L’idea di partenza è stata quella di sviluppare teatralmente l’immagine tratteggiata da
mons. Monari nella parte introduttiva della
Lettera: il Cenacolo, visto come momento di
fondazione e punto di riferimento costante
della comunità cristiana. In questo senso, poter contare su un gruppo di giovani interpreti
è fondamentale per cercare di riflettere sul
concetto stesso di comunità come esigenza
«folle» e affascinante di coniugare esigenze individuali e collettive, sfruttando diverse possibilità espressive.
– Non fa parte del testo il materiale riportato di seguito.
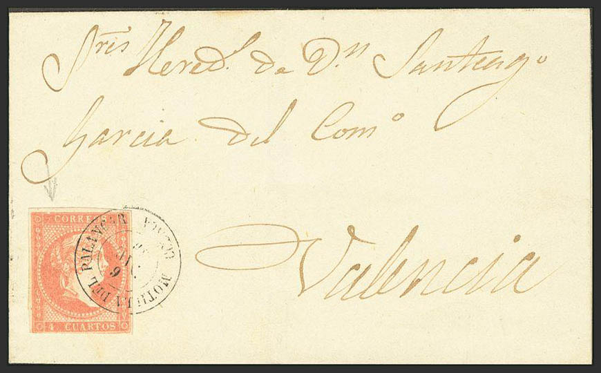 48. 1858. 4 red cuartos . MOTILLA DEL PALANCAR to VALENCIA. Postmark MOTILLA DEL PALANCAR / CUENCA. MAGNIFICENT.

Il gruppo di attori può interpretare quello dei discepoli al quale Cristo
stesso, poche ore prima della sua morte e risurrezione, affida il compito di far vivere la prima comunità cristiana della storia, e che sperimenta sin dal primo istante la potenza e le difficoltà, le gioie e i dolori sottesi al processo
che porta individui differenti a scegliere di vivere in comunione. Il teatro, grazie alla sua vocazione mimetica e metaforica, può, non solo
dirci, ma mostrarci questo processo; può farci
intravvedere qualcosa del momento fondativo; può suggerirci la continuità della relazione
che lega noi, uomini battezzati di oggi, ai primi discepoli di Cristo.